From ad hoc data collection to a secure relational database on AWS
When I first began creating data-heavy reports for management, I had to consult multiple data sources from across departments. This was a grinding inefficiency in my workflow. Furthermore, sometimes I needed to work from home, which added another layer of difficulty to accessing data. I needed the data to be immediately available as soon as the research question dropped.
I needed a cloud database.
There are many options for low-cost relational databases in the cloud. Both Amazon Web Services and Microsoft Azure offer free 12 month trials, followed by data usage-based pricing plans.

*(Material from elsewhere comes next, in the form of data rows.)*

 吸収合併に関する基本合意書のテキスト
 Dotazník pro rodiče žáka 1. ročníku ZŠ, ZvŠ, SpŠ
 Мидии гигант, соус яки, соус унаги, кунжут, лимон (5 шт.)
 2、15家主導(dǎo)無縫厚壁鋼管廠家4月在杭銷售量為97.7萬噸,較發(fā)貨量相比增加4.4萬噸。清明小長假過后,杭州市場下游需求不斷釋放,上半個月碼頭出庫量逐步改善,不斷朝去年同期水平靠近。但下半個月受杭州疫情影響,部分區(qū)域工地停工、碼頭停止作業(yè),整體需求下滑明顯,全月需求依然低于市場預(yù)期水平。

To connect to my cloud database, I used MySQL Workbench. I just added a new connection, then entered the endpoint, port, username and password info. Within the AWS instance dashboard, I also needed to assign a security group to multiple IPs in order to allow access at both my home and office.
Our office leases a CRM tool, Successware21, which has a SQL backend but a clunky userform-based front-end. Despite the SQL backend, Successware’s data was not tidy when exported to a .csv file. An R script was written to clean each file prior to writing to the RDBS. For especially messy datasets, Visual Basic in Excel was also used.

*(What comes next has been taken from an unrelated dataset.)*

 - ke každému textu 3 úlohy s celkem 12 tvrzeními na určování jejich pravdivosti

In order to visualize the connections between the tables and variables, I created a database model using dbdiagram.io, which uses Database Markup Language (DBML) to structure the model from the command line.
The process of exporting, cleaning and writing the data to the database is thoroughly documented in a Github repo.

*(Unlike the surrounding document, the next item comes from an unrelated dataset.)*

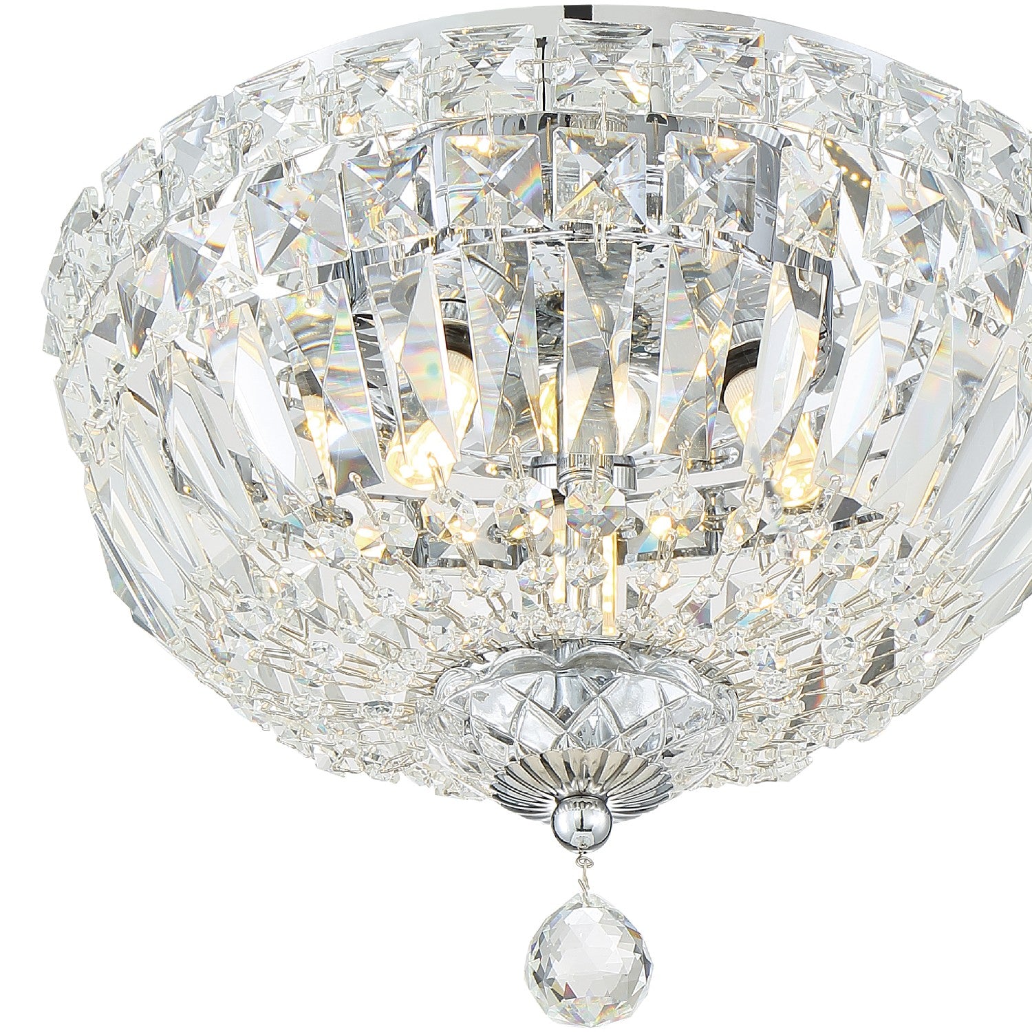 It doesn't get more glamorous than a crystal ceiling mount. It will be hard to ignore the Roslyn fixture when you walk into a room. Draped in an abundance of hand cut crystal jewels, this contemporary collection is a perfect statement to a living room, hallway, bathroom, or entry.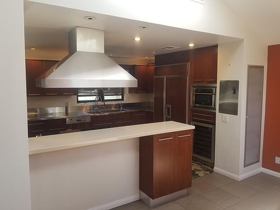 Large, open living room/family room areas, dining area and kitchen with custom bar stool seating and built in breakfast nook. Beautiful upgraded window shades throughout the home. Hardwood floors and tile throughout the home. Plenty of space to create one or more offices either downstairs, overlooking the front yard or upstairs in the master bedroom. You could also use the deck off the master bedroom and work outside. All 3 bedrooms are upstairs. High end appliances throughout including Sub Zero refrigerator and separate wine fridge. Custom bonus room that can be used for an office or as a dog room. It has stainless steel doors and its own doggie door. Custom gate on stairway to keep a dog downstairs if desired. Custom Control4 Home Automation system Audio-Visual system controls speakers, TV's, A/C, and spa through your phone. Large back yard with pool, spa, outdoor kitchen (with marble countertops, and wood fired oven. Great for entertaining. The Living room wall opens with accordion doors collapsing to open the home to the patio with a built-in heater and a outdoor gas fire feature. Lush landscaping. Gardner, Pool cleaning service and water (up to $500 value) included.

The documentation consists of two parts: a “how-to” user guide for exporting data and references to project resources including the revision history, data dictionary (tables, columns, data types and values), SQL queries and more.
Finally, the database is ready to go. All that I need to do is update it on a regular basis.
Whenever I have a research question, I can log into whatever analytics software I like and get to work.
In R Studio, I use either the DBI or RMariaDB packages to download my data. All it takes is a few lines of code:
library(RMariaDB)
con <- dbConnect(MariaDB(),
user = '[USERNAME]',
password = '[PASSWORD]',
host = '[INSTANCE_ENDPOINT]',
dbname='[SCHEMA]')
mydata <- dbReadTable(conn = con, name = '[TABLENAME]', value = [TABLENAME], overwrite = TRUE)
In a Jupyter Notebook running Python, I use the sqlalchemy module.
import sqlalchemy as db
connection_string = "mysql://[USERNAME]:[PASSWORD]@[ENDPOINT]:[PORT]/[SCHEMA]"
engine = db.create_engine(connection_string)
query = "select * from [TABLE]"
df = pd.read_sql_query(query, engine)
In the end, I’ve come to the conclusion that database administration and data analysis are like peanut butter and jelly: They’re both great on their own, but they taste even better together.